**WHAT THE TASK ASKS:** Please give back the listing exactly, without any of its pictures.

**MATERIAL PROVIDED:**
########
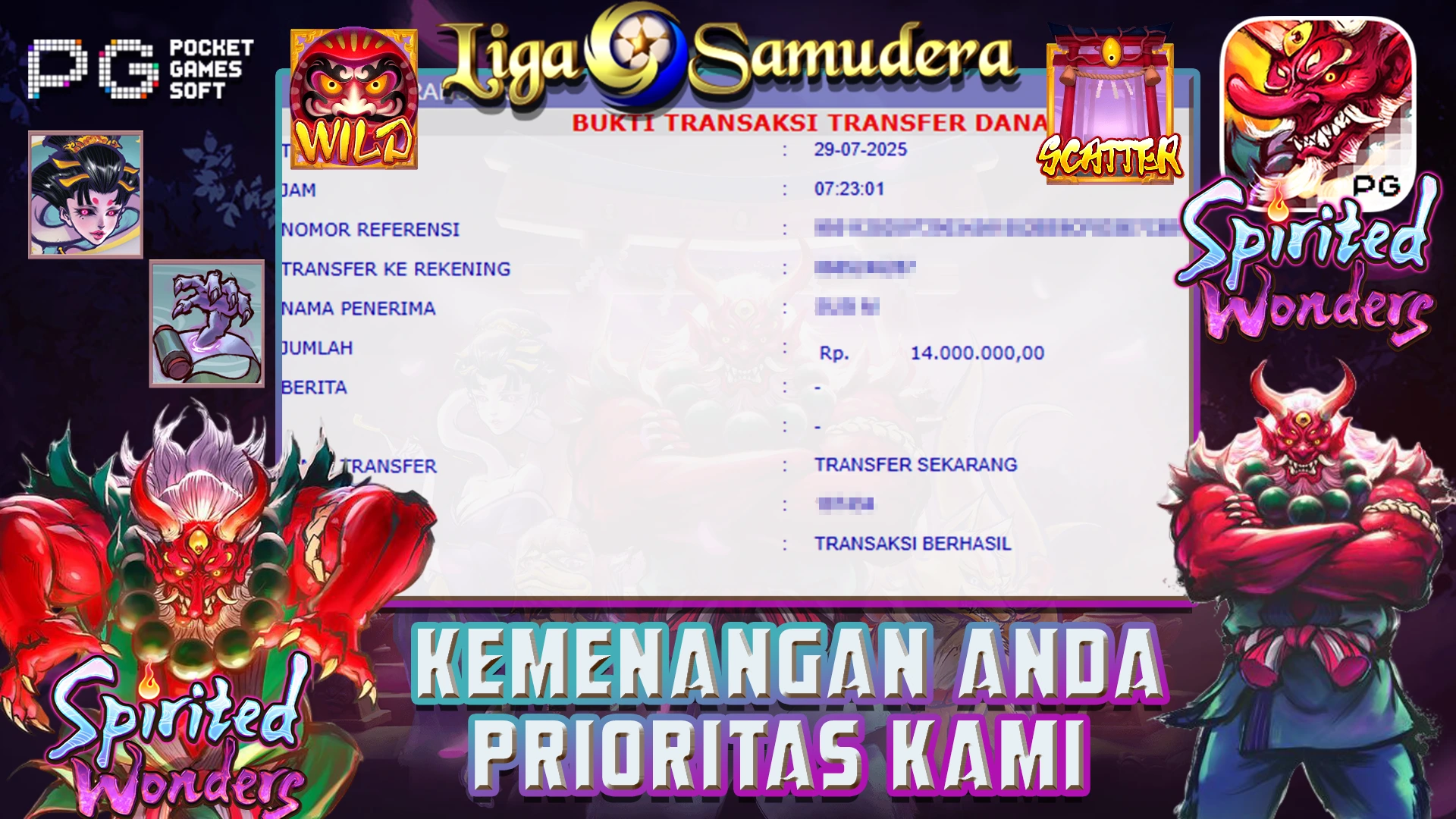 BUKTI KEMENANGAN BERMAIN PERMAINAN SLOT PG SOFT ” SPIRITED WONDERS “
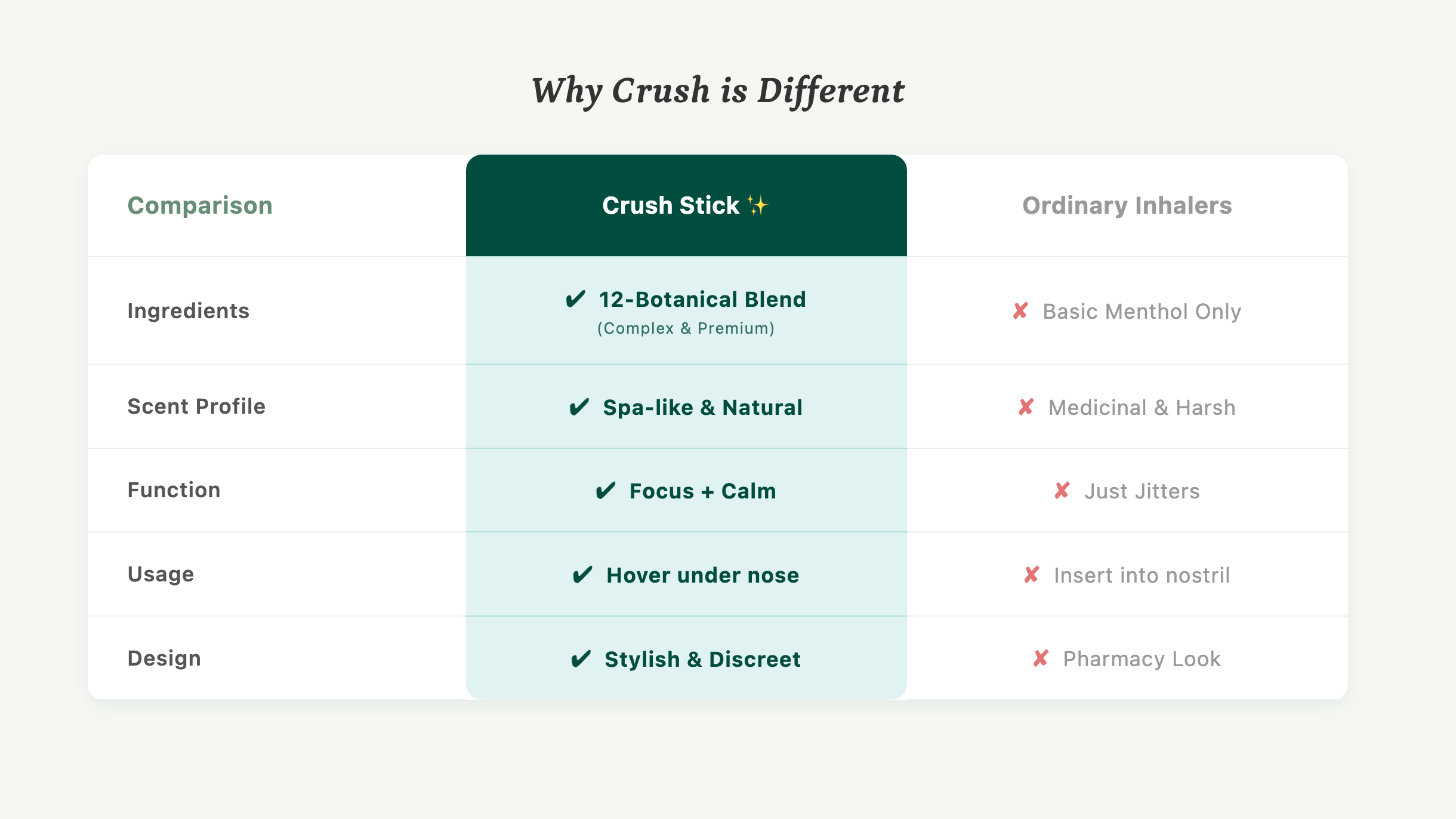 Unlike basic menthol sticks, our signature formula is a complex symphony of 12 premium botanicals. We blend invigorating essential oils with rare herbal extracts—crafted not just to wake you up, but to keep you alert, focused, and emotionally balanced. Anytime, anywhere.
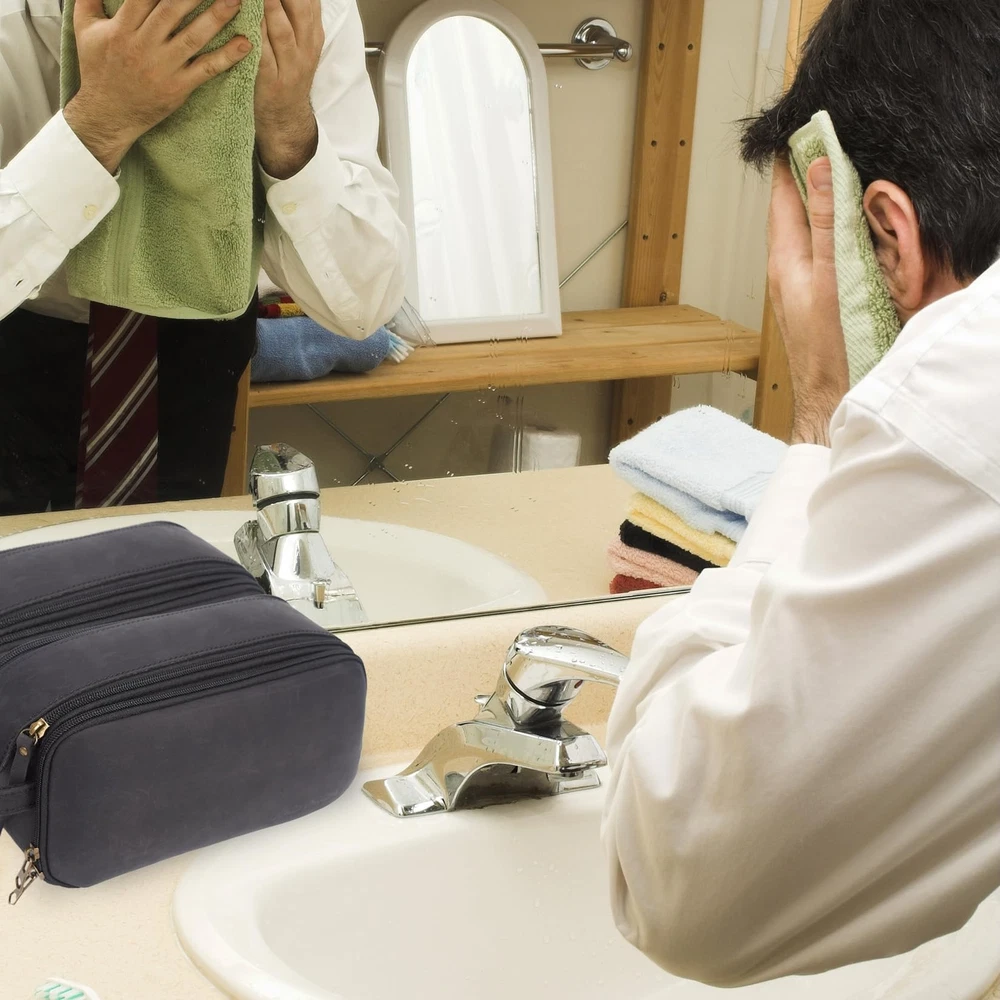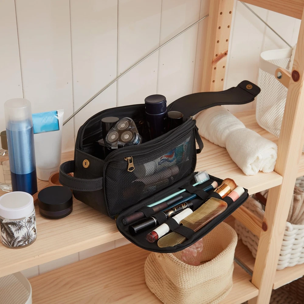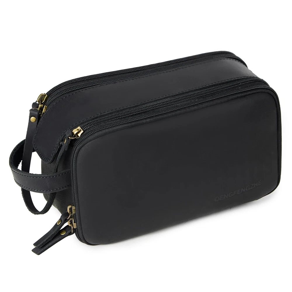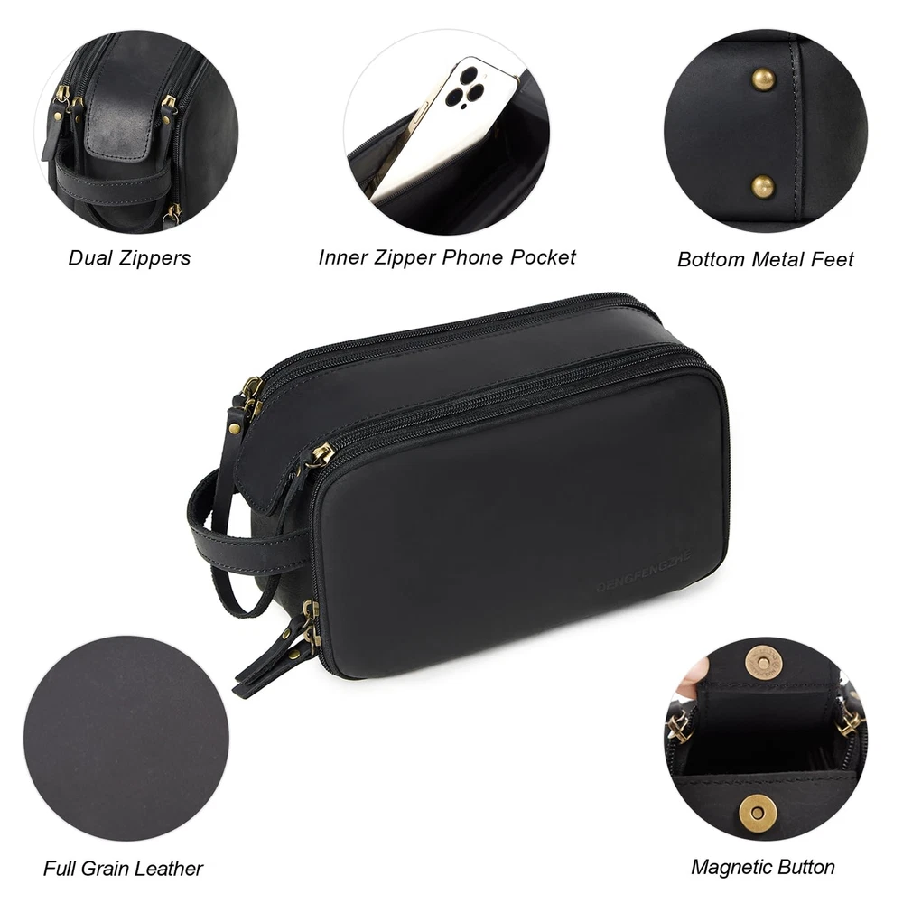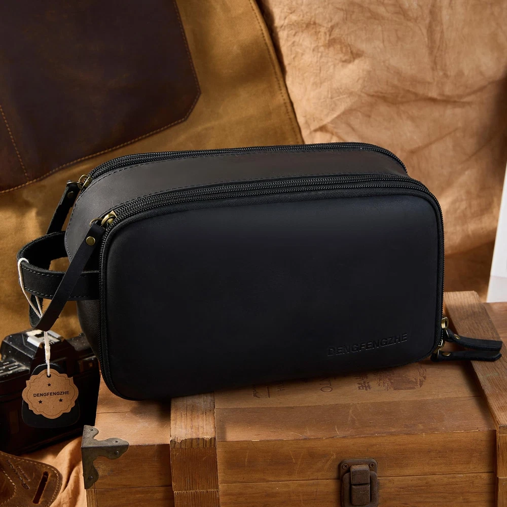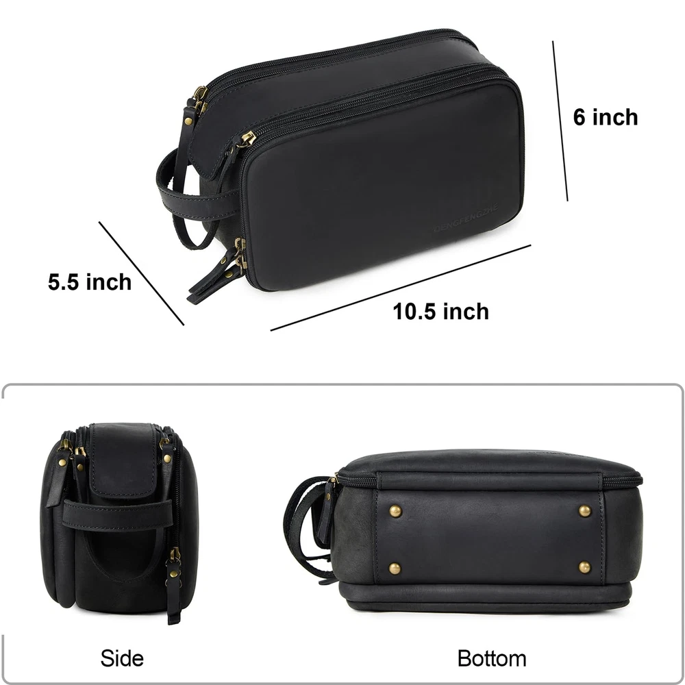 DENGFENGZHE Toiletry Bag for Men, Full Grain Leather Travel Pouch Shaving Dopp Kit Bathroom Toiletries Organizer Bags, Black LARGE CAPACITY: Travel toiletry bag measures 10.5(L) x 5.5(W) x 6(H) inches, it is large and roomy to store all essentials during travel or home use. The travel bag has multiple internal compartments, convenient for you to sort and access. Easily fits all the toiletries, shaving kits, hair wax, shower gel, shampoo, toothbrushes and showering bathroom tools, etc. Essential organizer bag for business and travel. PREMIUM MATERIAL: Our mens toiletry travel bag made of full grain leather, water-resistant and durable, to protect your toiletries during travel. The toiletry bag also offers wet/dry separation so you can keep wet accessories in a separate compartment from dry toiletries. High quality bathroom bag makes your trip more convenient and enjoyable. STYLISH RETRO DESIGN: This men's toiletry bag with retro color matching, appearing grand, fashionable, and high-end, perfect for carrying when going out. It has a side handle that can be easily hung in the bathroom or closet, packaging with dust bag, very convenient during your travel. PERFECT GIFT: This leather travel bags also cosmetic bag, it is an excellent travel accessory for men and women. The toiletry bag is easy to pack and fits well in luggage and backpacks, perfect for business trips, travel, gym, camping, and family outings. It is a great gift for men, women, father, uncle, husband, friends, and those who love to travel. 100% SATISFACTION: We make sure that every customer gets a great buying experience. If you find any issue with this travel toiletry bag, please let us know immediately, we will give you a satisfactory solution. SHIPPING Domestic Buyers - We have confidence in our products, but if you are not fully satisfied please contact us within 30 days of purchase and you will get full refund. - We ship within 3 business days of payment, usually sooner - We offer FREE shipping on all orders! - We only ship to the lower 48 states, no APO/FPO addresses or PO Boxes allowed International buyers – please note: Import duties, taxes, and charges aren't included in the item price or postage cost. These charges are the buyer's responsibility. - Please check with your country's customs office to determine what these additional costs will be prior to bidding or buying. * Order Cancellation Policy ** You can return a product for up to 30 days from the date you purchased it. 1. The seller reserves the right to cancel the special case only due to eBay cancellation fee. 2. The decision of seller is the final. 3. The seller will respond to the cancellation request within 2 business days. Please wait for the result of cancellation. 4. In case the cancellation is not completed by some reasons, the buyer can follow the options below to get the refund. 4.1 The buyer can reject the item when it arrives. 4.2 The buyer can send the item back to the seller within 30 days If the buyer receives item (USA Shipment ONLY). The seller will provide the FREE return label to the buyer when the buyer opens " Return Item" case on eBay by using the reason as "Change my mind" ONLY. 5. When buyer has placed the order. The order will be processed and completed by automatic warehouse system within 5 minutes. In case that buyer sends the cancellation request after 5 minutes of placing the order, the request will be rejected. **Sending direct message to cancel the order is not allowed for every case.* Return Policy For the return case - If buyer would like to return the items for refund or replacement, please CONTACT SELLER to receive the free return label from seller. The refund or replacement will be processed with the tracking number of return label which is provided by seller only. The other ways of return which are not approved by seller will not be processed for the refund or replacement.
########
**EXERCISE OUTPUT:**
 BUKTI KEMENANGAN BERMAIN PERMAINAN SLOT PG SOFT ” SPIRITED WONDERS “
 Unlike basic menthol sticks, our signature formula is a complex symphony of 12 premium botanicals. We blend invigorating essential oils with rare herbal extracts—crafted not just to wake you up, but to keep you alert, focused, and emotionally balanced. Anytime, anywhere.
 DENGFENGZHE Toiletry Bag for Men, Full Grain Leather Travel Pouch Shaving Dopp Kit Bathroom Toiletries Organizer Bags, Black LARGE CAPACITY: Travel toiletry bag measures 10.5(L) x 5.5(W) x 6(H) inches, it is large and roomy to store all essentials during travel or home use. The travel bag has multiple internal compartments, convenient for you to sort and access. Easily fits all the toiletries, shaving kits, hair wax, shower gel, shampoo, toothbrushes and showering bathroom tools, etc. Essential organizer bag for business and travel. PREMIUM MATERIAL: Our mens toiletry travel bag made of full grain leather, water-resistant and durable, to protect your toiletries during travel. The toiletry bag also offers wet/dry separation so you can keep wet accessories in a separate compartment from dry toiletries. High quality bathroom bag makes your trip more convenient and enjoyable. STYLISH RETRO DESIGN: This men's toiletry bag with retro color matching, appearing grand, fashionable, and high-end, perfect for carrying when going out. It has a side handle that can be easily hung in the bathroom or closet, packaging with dust bag, very convenient during your travel. PERFECT GIFT: This leather travel bags also cosmetic bag, it is an excellent travel accessory for men and women. The toiletry bag is easy to pack and fits well in luggage and backpacks, perfect for business trips, travel, gym, camping, and family outings. It is a great gift for men, women, father, uncle, husband, friends, and those who love to travel. 100% SATISFACTION: We make sure that every customer gets a great buying experience. If you find any issue with this travel toiletry bag, please let us know immediately, we will give you a satisfactory solution. SHIPPING Domestic Buyers - We have confidence in our products, but if you are not fully satisfied please contact us within 30 days of purchase and you will get full refund. - We ship within 3 business days of payment, usually sooner - We offer FREE shipping on all orders! - We only ship to the lower 48 states, no APO/FPO addresses or PO Boxes allowed International buyers – please note: Import duties, taxes, and charges aren't included in the item price or postage cost. These charges are the buyer's responsibility. - Please check with your country's customs office to determine what these additional costs will be prior to bidding or buying. * Order Cancellation Policy ** You can return a product for up to 30 days from the date you purchased it. 1. The seller reserves the right to cancel the special case only due to eBay cancellation fee. 2. The decision of seller is the final. 3. The seller will respond to the cancellation request within 2 business days. Please wait for the result of cancellation. 4. In case the cancellation is not completed by some reasons, the buyer can follow the options below to get the refund. 4.1 The buyer can reject the item when it arrives. 4.2 The buyer can send the item back to the seller within 30 days If the buyer receives item (USA Shipment ONLY). The seller will provide the FREE return label to the buyer when the buyer opens " Return Item" case on eBay by using the reason as "Change my mind" ONLY. 5. When buyer has placed the order. The order will be processed and completed by automatic warehouse system within 5 minutes. In case that buyer sends the cancellation request after 5 minutes of placing the order, the request will be rejected. **Sending direct message to cancel the order is not allowed for every case.* Return Policy For the return case - If buyer would like to return the items for refund or replacement, please CONTACT SELLER to receive the free return label from seller. The refund or replacement will be processed with the tracking number of return label which is provided by seller only. The other ways of return which are not approved by seller will not be processed for the refund or replacement.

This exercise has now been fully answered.